Bien. Et on ne peut que s’en réjouir et se régaler avec une nouvelle qui flatte le ventre , le /les palais et surtout l’égo arabo-musulman souvent mis à mal ces dernières temps…

Pas seulement arabo-musulman (en fait Berbère, Maghrébin), mais également… Français!!! En effet, le couscous, avant de figurer désormais officiellement dans la carte du menu de l’Unesco est rentré de puis des lustres dans les habitudes culinaires des Français, au quotidien.
C’est devenu pour ainsi dire, un plat national. Rivalisant avec la choucroute, le cassoulet, le coq-au-vin ou la tête de veau si chère au défunt ex-président Chirac.

Pour les amateurs, surtout en France, et vu les polémiques que ce plat créer, même entre maghrébins, quelques précisions afin de mieux le déguster et d’en tirer le meilleur profit sans chamailleries inutiles. Inutile d’en vanter les vertus gastronomiques et les bienfaits sur la santé… Cela a été largement développé avec moult preuves par toutes les revues spécialisées en matière de diététique.

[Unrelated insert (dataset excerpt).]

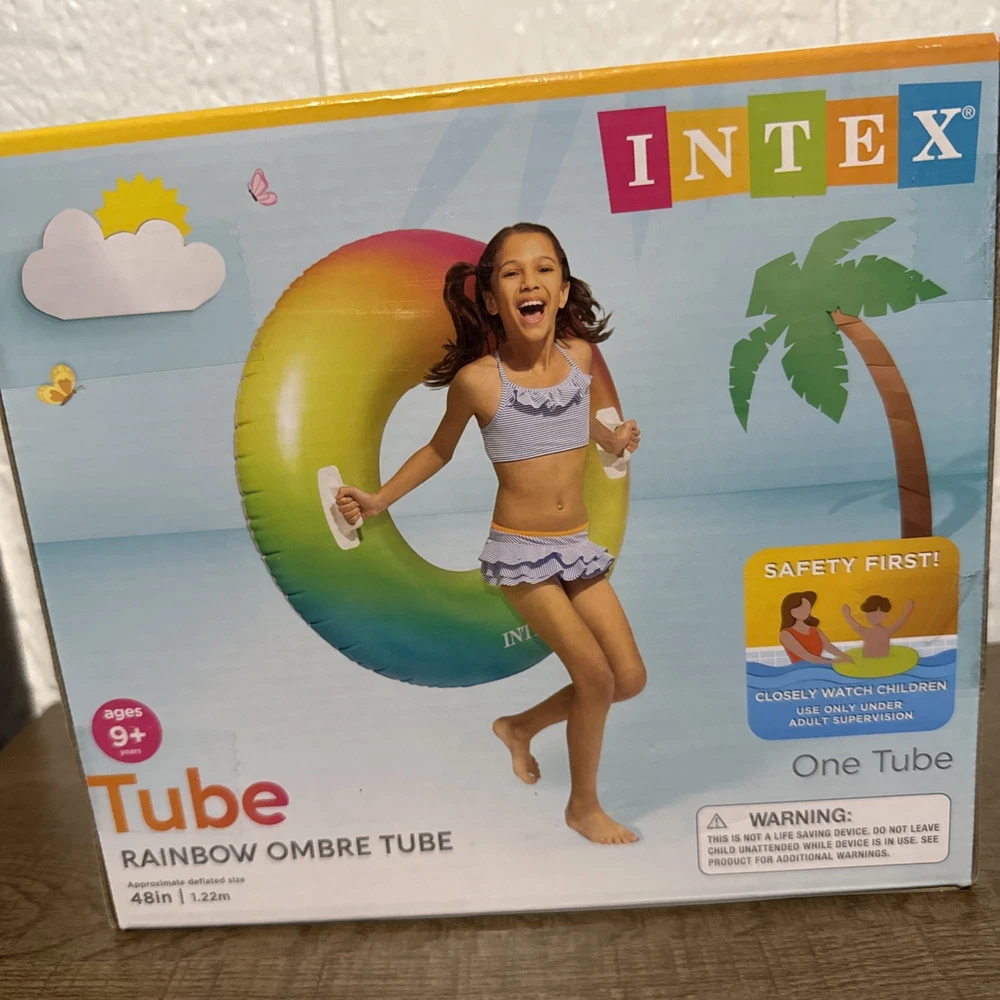 The Intex Color Whirl Rainbow Ombre Swimming Pool Float Tube is a vibrant and fun inflatable ride on designed for ages 9 and up. This multicolor ring-shaped float features a handle for easy maneuvering in the pool. With a recommended age range of 9 to 16 years and 17 years & up, this float tube is perfect for older kids to enjoy a day of splashing and relaxing in the water. Made by trusted brand Intex, this pool float is sure to provide hours of entertainment for teenagers and adults alike. Approximately 48 inches diameter.

– Le couscous est à 100% Berbère, connu et consommé à volonté bien avant l’arrivée de l’Islam au Maghreb (en y incluant la Lybie et la Maurétanie).
-il n’est ni Algérien, ni Marocain , ni Tunisien ; personne ne sait dans quelle contrée du Maghreb il est né. Il est Maghrébin, point c’est tout. Voilà qui permettra peut être d’économiser ou d’éviter des palabres inutiles de la part de ceux qui continuent à attribuer des « nationalités » aux aliments qu’on mange et aux plats qui nous sont parvenus à travers les siècles et parfois en traversant des contrées insoupçonnées!
– une curiosité : les Romains qui ont occupé pendant longtemps surtout le Nord du Maghreb, ne l’ont pas introduit en Italie. Et nous avons interrogé nombres d’historiens, anthropologues, ethnologues, personne ne nous a donné une explication convaincante.
– le couscous a été introduit en France d’abord par les immigrés des premières générations dès le début du siècle dernier. Mais il est resté un plat « communautaire », consommé surtout donc en milieu fermé ou par quelques initiés, ouverts et solidaires avec les immigrés.
– c’est avec l’exode massive des Français d’Algérie, c’est-à-dire surtout ceux que l’on appelle les « pieds-noirs » que le couscous est sorti du cercle intime des milieux d’immigration. Ceux d’entre eux qui ont bénéficié d’aides de l’état ont peu à peu ouvert des restaurants une peu partout dans les villes qui les accueillaient et surtout en créant ou en convaincant des industriels de se lancer dans la fabrication et la distribution à grande échelle de semoule plus ou moins facile à cuire. Processus qui s’est beaucoup amélioré depuis, surtout que l’affaire s’est avérée rentable.
– il faut savoir -et ça c’est important pour les gastronomes et les fins gourmets- qu’à l’origine , le couscous est un plat essentiellement végétarien : semoule et légumes selon les saisons et les disponibilités régionales. On y ajoute de la viande uniquement à l’occasion des fêtes. Et une seule viande à la fois, généralement du mouton. Parfois, c’est du bœuf ou du poulet.
– les merguez, invention semble-t-il algérienne, n’ont jamais accompagné le couscous. Au bled et en milieu traditionnel, c’est même une hérésie ! C’est encore les pieds-noirs qui les ont amenées dans leurs bagages et ajoutées au couscous.
– Enfin, le comble : le couscous « royal » avec viande de mouton + bœuf + poulet + merguez !!! Devenus normal, chez les immigrés de longue date. Toujours choquant pour celles et ceux qui visitent la France pour la première fois. Aveu d’une vieille dame venue (enfin !) visiter ses enfants. Invitée au restaurant, elle se voit proposer le « royal ». Surprise d’abord par l’abondance et la variété de viandes, elle finit par lâcher à ses enfants : « ici, vous faîtes ça parce que vous avez les moyens. Nous au bled, si on pouvait, on ferait pareil ! ».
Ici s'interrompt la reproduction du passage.